Prompt => Drop all images. Then write out each line below exactly as given.

Data for processing =>
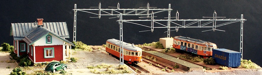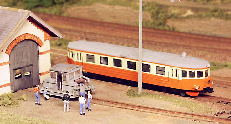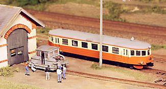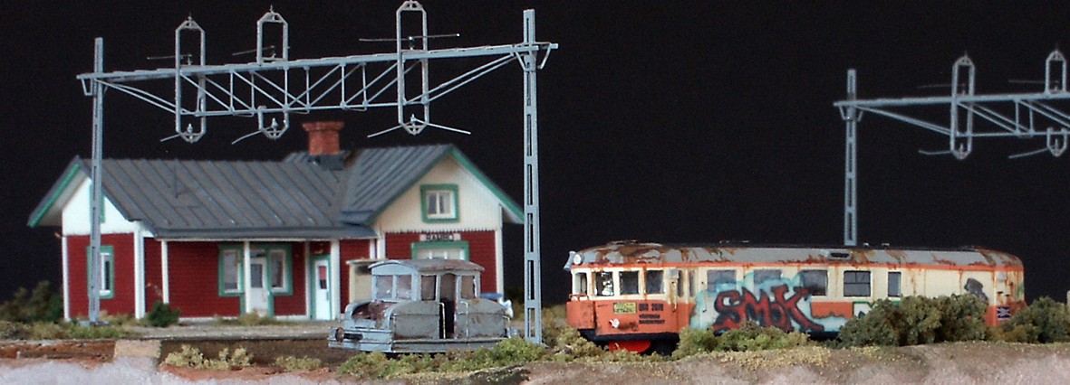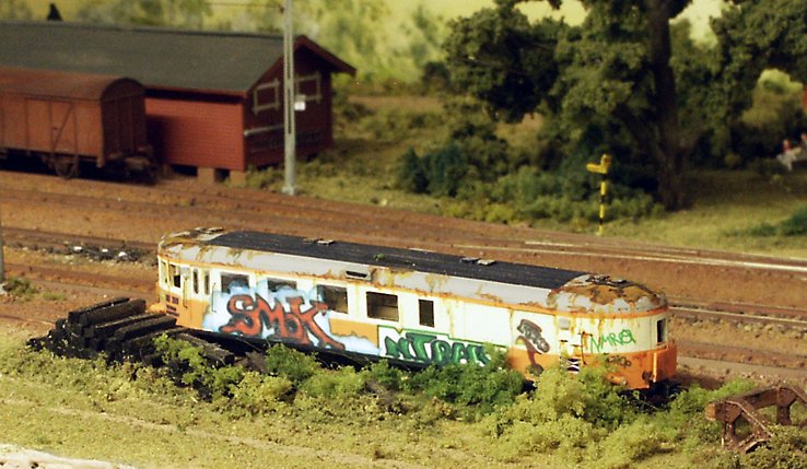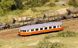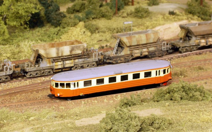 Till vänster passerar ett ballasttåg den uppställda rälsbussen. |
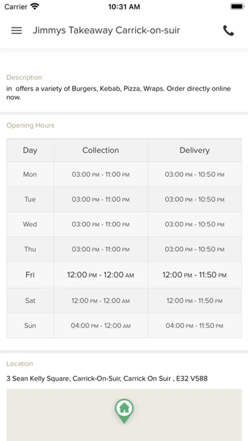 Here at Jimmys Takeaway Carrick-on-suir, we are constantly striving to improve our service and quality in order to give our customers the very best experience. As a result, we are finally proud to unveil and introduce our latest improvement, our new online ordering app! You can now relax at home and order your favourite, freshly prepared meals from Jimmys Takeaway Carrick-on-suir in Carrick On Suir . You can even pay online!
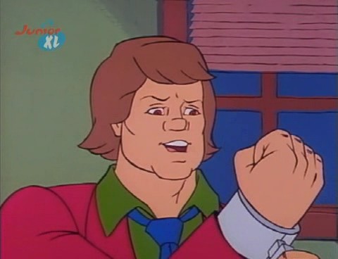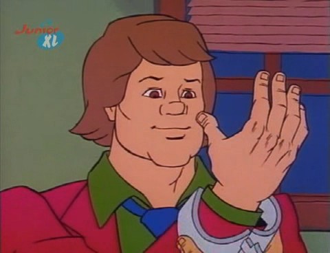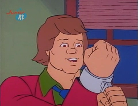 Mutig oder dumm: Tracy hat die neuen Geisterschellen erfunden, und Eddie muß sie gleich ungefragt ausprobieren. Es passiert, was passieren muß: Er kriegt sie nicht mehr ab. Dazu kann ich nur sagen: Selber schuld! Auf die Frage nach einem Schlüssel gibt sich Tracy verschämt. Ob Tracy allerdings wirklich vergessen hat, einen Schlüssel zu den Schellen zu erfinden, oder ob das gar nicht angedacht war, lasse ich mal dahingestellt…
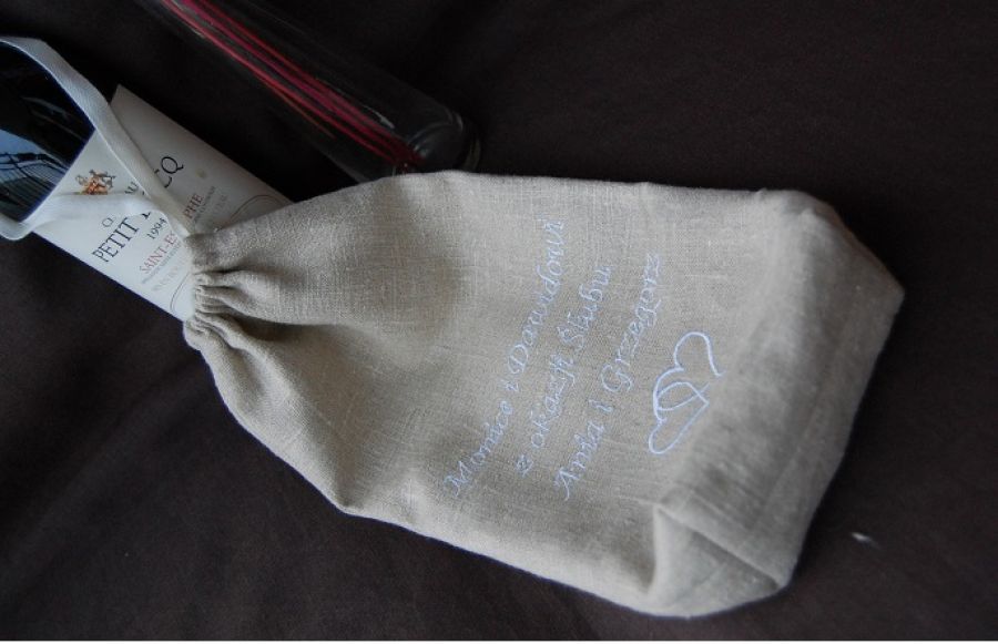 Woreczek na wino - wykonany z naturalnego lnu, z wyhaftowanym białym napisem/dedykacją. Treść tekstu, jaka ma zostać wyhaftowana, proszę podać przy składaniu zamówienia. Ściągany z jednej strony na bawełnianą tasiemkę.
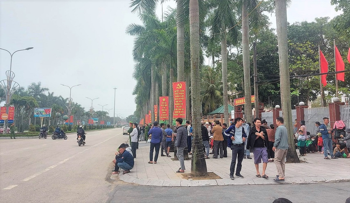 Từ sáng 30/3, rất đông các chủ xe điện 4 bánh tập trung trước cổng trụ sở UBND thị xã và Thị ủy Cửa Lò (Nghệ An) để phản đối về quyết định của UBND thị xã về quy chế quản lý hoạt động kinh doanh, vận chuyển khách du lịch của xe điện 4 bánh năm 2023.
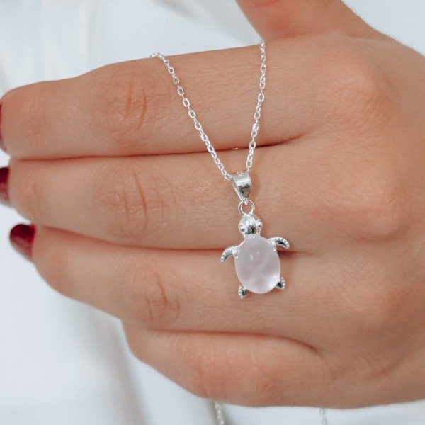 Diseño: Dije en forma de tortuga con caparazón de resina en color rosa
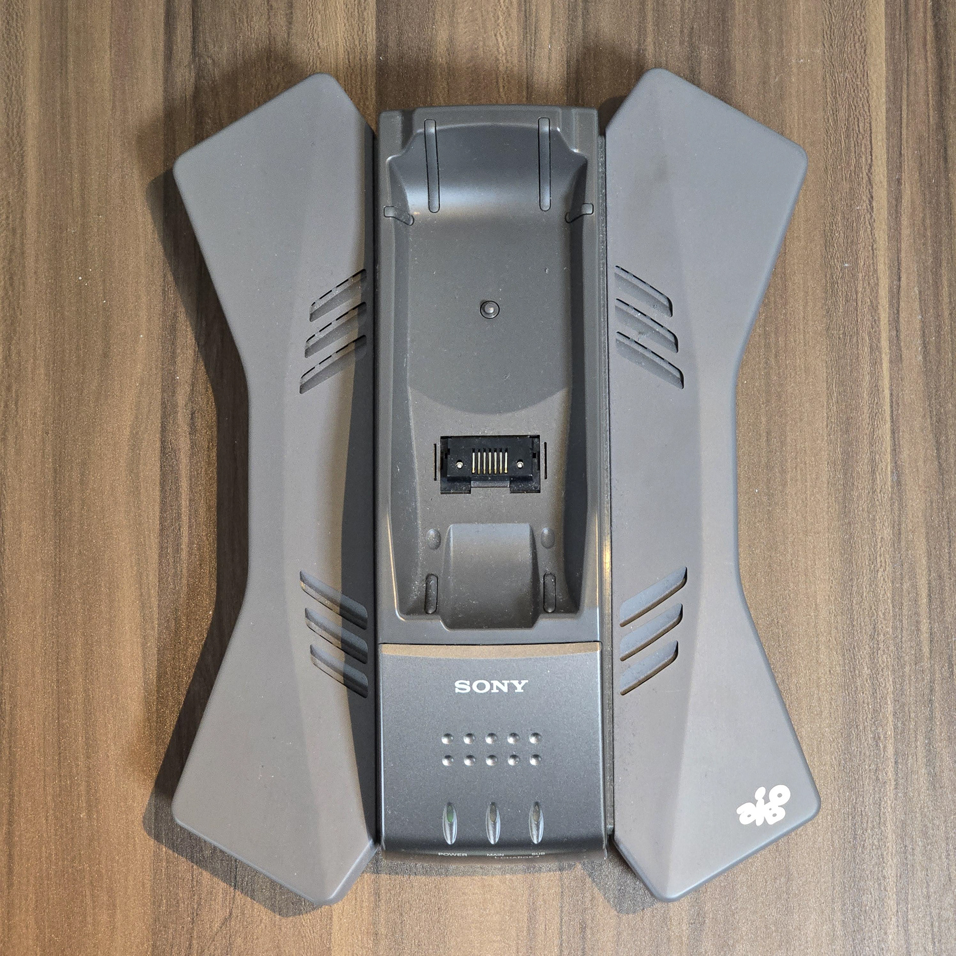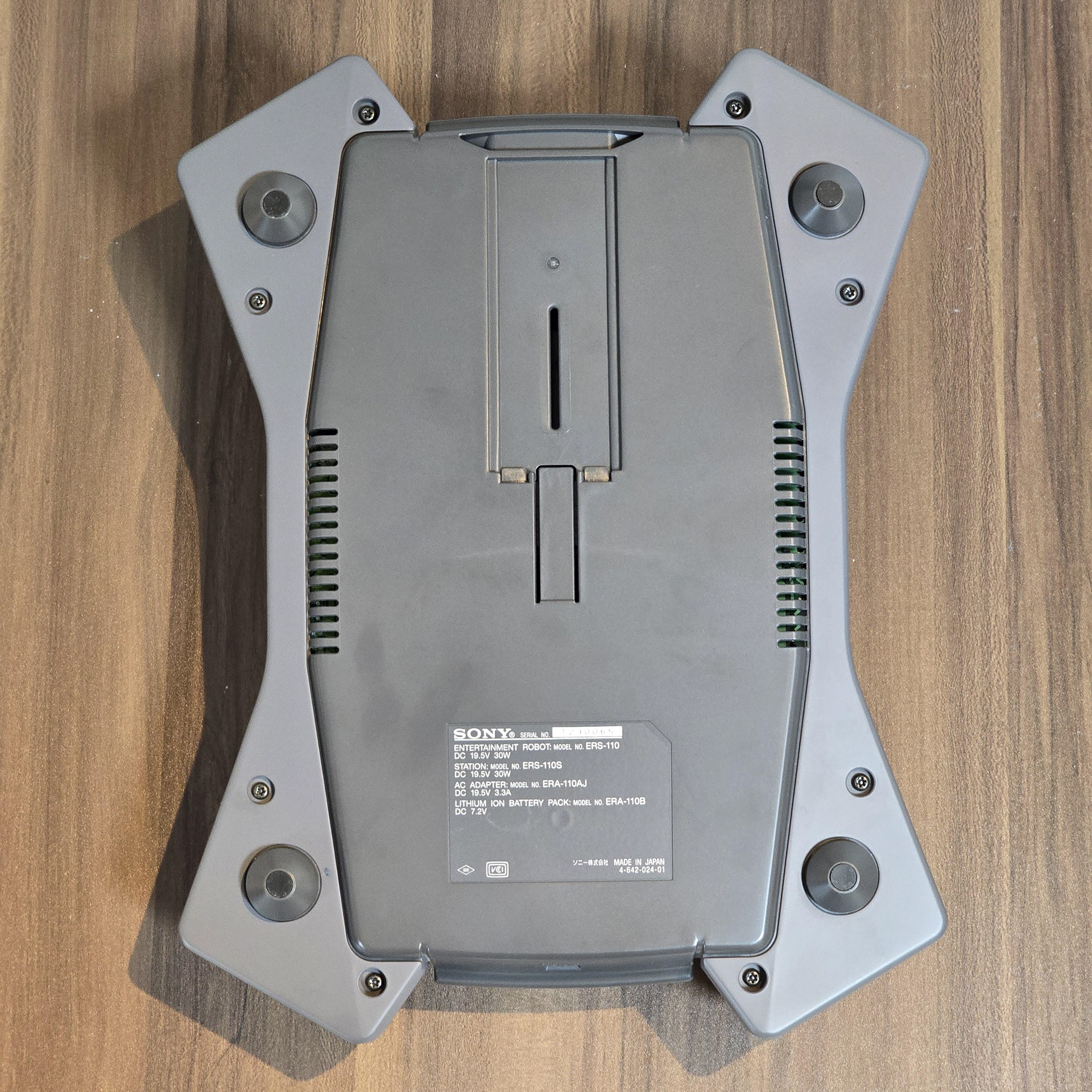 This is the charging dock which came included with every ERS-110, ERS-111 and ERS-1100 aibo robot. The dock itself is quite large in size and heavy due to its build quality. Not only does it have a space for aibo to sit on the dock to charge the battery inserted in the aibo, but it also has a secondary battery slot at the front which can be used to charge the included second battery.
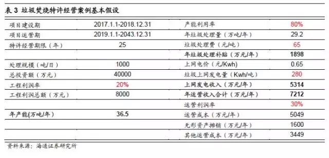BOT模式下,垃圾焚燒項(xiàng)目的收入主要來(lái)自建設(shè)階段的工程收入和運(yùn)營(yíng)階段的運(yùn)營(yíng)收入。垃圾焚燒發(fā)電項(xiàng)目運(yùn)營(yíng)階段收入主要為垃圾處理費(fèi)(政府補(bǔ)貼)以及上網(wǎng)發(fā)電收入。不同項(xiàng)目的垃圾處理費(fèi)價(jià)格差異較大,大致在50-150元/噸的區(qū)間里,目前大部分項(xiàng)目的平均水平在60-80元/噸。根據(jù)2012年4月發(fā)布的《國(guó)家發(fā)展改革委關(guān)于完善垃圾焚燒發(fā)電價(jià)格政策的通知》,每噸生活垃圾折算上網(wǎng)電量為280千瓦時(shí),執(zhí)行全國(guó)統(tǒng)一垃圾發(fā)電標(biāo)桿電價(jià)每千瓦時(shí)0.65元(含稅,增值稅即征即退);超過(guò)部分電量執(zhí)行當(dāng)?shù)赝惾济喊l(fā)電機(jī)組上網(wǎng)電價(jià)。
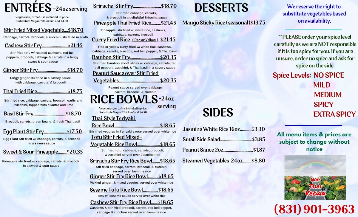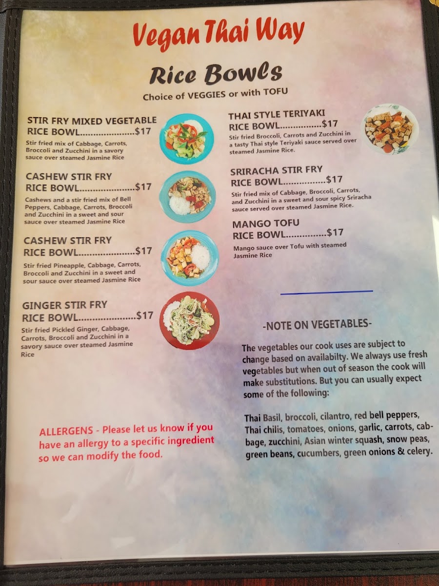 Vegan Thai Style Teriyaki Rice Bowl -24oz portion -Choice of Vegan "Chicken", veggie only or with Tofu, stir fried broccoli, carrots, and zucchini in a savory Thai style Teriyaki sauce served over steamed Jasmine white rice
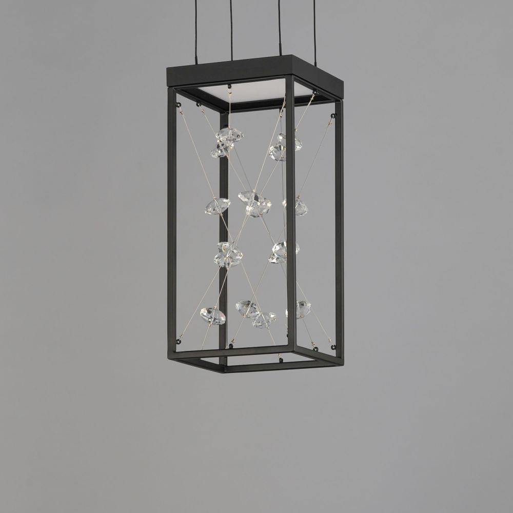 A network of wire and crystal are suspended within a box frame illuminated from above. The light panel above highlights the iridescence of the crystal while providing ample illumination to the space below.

Answer for the task =>
 Till vänster passerar ett ballasttåg den uppställda rälsbussen. |
 Here at Jimmys Takeaway Carrick-on-suir, we are constantly striving to improve our service and quality in order to give our customers the very best experience. As a result, we are finally proud to unveil and introduce our latest improvement, our new online ordering app! You can now relax at home and order your favourite, freshly prepared meals from Jimmys Takeaway Carrick-on-suir in Carrick On Suir . You can even pay online!
 Mutig oder dumm: Tracy hat die neuen Geisterschellen erfunden, und Eddie muß sie gleich ungefragt ausprobieren. Es passiert, was passieren muß: Er kriegt sie nicht mehr ab. Dazu kann ich nur sagen: Selber schuld! Auf die Frage nach einem Schlüssel gibt sich Tracy verschämt. Ob Tracy allerdings wirklich vergessen hat, einen Schlüssel zu den Schellen zu erfinden, oder ob das gar nicht angedacht war, lasse ich mal dahingestellt…
 Woreczek na wino - wykonany z naturalnego lnu, z wyhaftowanym białym napisem/dedykacją. Treść tekstu, jaka ma zostać wyhaftowana, proszę podać przy składaniu zamówienia. Ściągany z jednej strony na bawełnianą tasiemkę.
 Từ sáng 30/3, rất đông các chủ xe điện 4 bánh tập trung trước cổng trụ sở UBND thị xã và Thị ủy Cửa Lò (Nghệ An) để phản đối về quyết định của UBND thị xã về quy chế quản lý hoạt động kinh doanh, vận chuyển khách du lịch của xe điện 4 bánh năm 2023.
 Diseño: Dije en forma de tortuga con caparazón de resina en color rosa
 This is the charging dock which came included with every ERS-110, ERS-111 and ERS-1100 aibo robot. The dock itself is quite large in size and heavy due to its build quality. Not only does it have a space for aibo to sit on the dock to charge the battery inserted in the aibo, but it also has a secondary battery slot at the front which can be used to charge the included second battery.
BOT模式下,垃圾焚燒項(xiàng)目的收入主要來(lái)自建設(shè)階段的工程收入和運(yùn)營(yíng)階段的運(yùn)營(yíng)收入。垃圾焚燒發(fā)電項(xiàng)目運(yùn)營(yíng)階段收入主要為垃圾處理費(fèi)(政府補(bǔ)貼)以及上網(wǎng)發(fā)電收入。不同項(xiàng)目的垃圾處理費(fèi)價(jià)格差異較大,大致在50-150元/噸的區(qū)間里,目前大部分項(xiàng)目的平均水平在60-80元/噸。根據(jù)2012年4月發(fā)布的《國(guó)家發(fā)展改革委關(guān)于完善垃圾焚燒發(fā)電價(jià)格政策的通知》,每噸生活垃圾折算上網(wǎng)電量為280千瓦時(shí),執(zhí)行全國(guó)統(tǒng)一垃圾發(fā)電標(biāo)桿電價(jià)每千瓦時(shí)0.65元(含稅,增值稅即征即退);超過(guò)部分電量執(zhí)行當(dāng)?shù)赝惾济喊l(fā)電機(jī)組上網(wǎng)電價(jià)。
 Vegan Thai Style Teriyaki Rice Bowl -24oz portion -Choice of Vegan "Chicken", veggie only or with Tofu, stir fried broccoli, carrots, and zucchini in a savory Thai style Teriyaki sauce served over steamed Jasmine white rice
 A network of wire and crystal are suspended within a box frame illuminated from above. The light panel above highlights the iridescence of the crystal while providing ample illumination to the space below.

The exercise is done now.